Jst hope I can paint it well hahahaha

- - - Updated - - -

It's also gray not brown its jst the light


----------



## Dutchy88 (Jan 29, 2013)

Last coat of render done ready for paint if I have learnt one lesson it's defently make it a bit more even it looks good but there's no real even runs along the whole face of it so it takes away from the realism a little bit still stoked for first one but


----------



## jimbo_jones (Jan 29, 2013)

na it looks really good wana come finish mine?


----------



## Dutchy88 (Jan 29, 2013)

Haha see how mine finish up first before I wreck anyone else's haha

- - - Updated - - -




Finished background I tried to make more of a bush theme rather than desert but that sort of got lost along the painting haha never the less I'm still stoked for my first one hopefully some lucky ackie will be to


----------



## Gruni (Feb 1, 2013)

That looks awesome Dutchy, great job. I hope Kath gets ours to look that good. 8)


----------



## Dutchy88 (Feb 1, 2013)

Tar mate just gotta finish building the enclosure and find an ackie be sure to let me know when ya finish yours so I can have a geeze


----------



## Gruni (Feb 1, 2013)

Trust me as soon as possible there will be an initial pic of the painting and then a final few when it is all setup and Skittles is in residence.


----------



## J-A-X (Feb 1, 2013)

Hi five Dutchy. Great job - see what a little guidance and confidence can do ! 

Proud of ya man !


----------



## Dutchy88 (Feb 1, 2013)

Thanks mum


----------



## Dutchy88 (Feb 13, 2013)

Almost finished jst gotta do the rest of the lighting,paint the support and put the glass in and obviously decorate and all that pretty happy wit it for first one


----------



## J-A-X (Feb 13, 2013)

If I'd seen the support before I would have suggested moving it back a few inches - stick some foam on it and render it and you've got a 'rock pillar' for support !


----------



## BD1B2G (Feb 17, 2013)

i love the background, great work !


----------



## Skippii (Feb 17, 2013)

Came out so well, Dutchy! Very impressed


----------



## BDkeeper (Feb 17, 2013)

What type of material did you use


----------



## Dutchy88 (Feb 17, 2013)

JaxRtfm said:


> If I'd seen the support before I would have suggested moving it back a few inches - stick some foam on it and render it and you've got a 'rock pillar' for support !
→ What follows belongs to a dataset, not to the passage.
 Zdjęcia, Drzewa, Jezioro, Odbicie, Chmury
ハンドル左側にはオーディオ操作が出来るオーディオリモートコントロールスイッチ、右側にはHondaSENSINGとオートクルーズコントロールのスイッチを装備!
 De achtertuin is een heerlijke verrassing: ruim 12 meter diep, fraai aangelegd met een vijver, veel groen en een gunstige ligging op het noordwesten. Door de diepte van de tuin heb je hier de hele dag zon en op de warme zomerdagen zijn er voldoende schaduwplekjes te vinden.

Lucky it's not secured in yet your the best mum didn't even think of that


----------



## Dutchy88 (Feb 17, 2013)

BDkeeper said:


> What type of material did you use



Melamimine for enclousure and foam and render for back ground


----------



## J-A-X (Feb 17, 2013)

Dutchy88 said:


> Lucky it's not secured in yet your the best mum didn't even think of that



Lol, up there for thinking!


----------



## Dutchy88 (Feb 17, 2013)

Got two of the lights in the sarvo jst to see wat the background looks like wit them on gettin excited


----------



## Gruni (Feb 18, 2013)

So excited that you're forgetting your English skills... :lol:


----------



## Gruni (Feb 18, 2013)

You seem to have been working in a gravity free or at least reduced environment. Your tools and stuff are sticking to the ceiling. :lol:

It's looking good and shouldn't take much longer to be done at this rate.


----------



## J-A-X (Feb 18, 2013)




----------



## Dutchy88 (Feb 18, 2013)

Haha yeh couldn't work the photos thanks for the fix mum yeh thanks gruni haha


----------



## Gruni (Feb 18, 2013)

Careful Dutchy, you'll get infracted for bypassing the filter if you keep that up. 
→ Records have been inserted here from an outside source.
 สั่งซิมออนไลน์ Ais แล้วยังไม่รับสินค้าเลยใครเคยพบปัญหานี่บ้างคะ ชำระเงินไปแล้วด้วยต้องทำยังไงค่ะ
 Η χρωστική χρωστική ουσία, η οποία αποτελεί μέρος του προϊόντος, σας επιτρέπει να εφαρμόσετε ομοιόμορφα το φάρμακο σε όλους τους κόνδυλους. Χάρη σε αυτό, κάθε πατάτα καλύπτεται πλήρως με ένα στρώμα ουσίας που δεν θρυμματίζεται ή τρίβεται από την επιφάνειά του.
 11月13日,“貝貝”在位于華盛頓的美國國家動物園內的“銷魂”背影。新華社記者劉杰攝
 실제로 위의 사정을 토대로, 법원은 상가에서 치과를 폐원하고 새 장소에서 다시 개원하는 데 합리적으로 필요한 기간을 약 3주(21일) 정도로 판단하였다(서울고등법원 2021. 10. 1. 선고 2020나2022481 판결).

:lol: Couldn't help myself before, overtired from the weekend and it just jumped out at me a bit. Were you doing the pics from your phone? I put mine in Photobucket so that I don't use up the limited space I have in my account.


----------



## J-A-X (Feb 18, 2013)

Gruni said:


> Careful Dutchy, you'll get infracted for bypassing the filter if you keep that up.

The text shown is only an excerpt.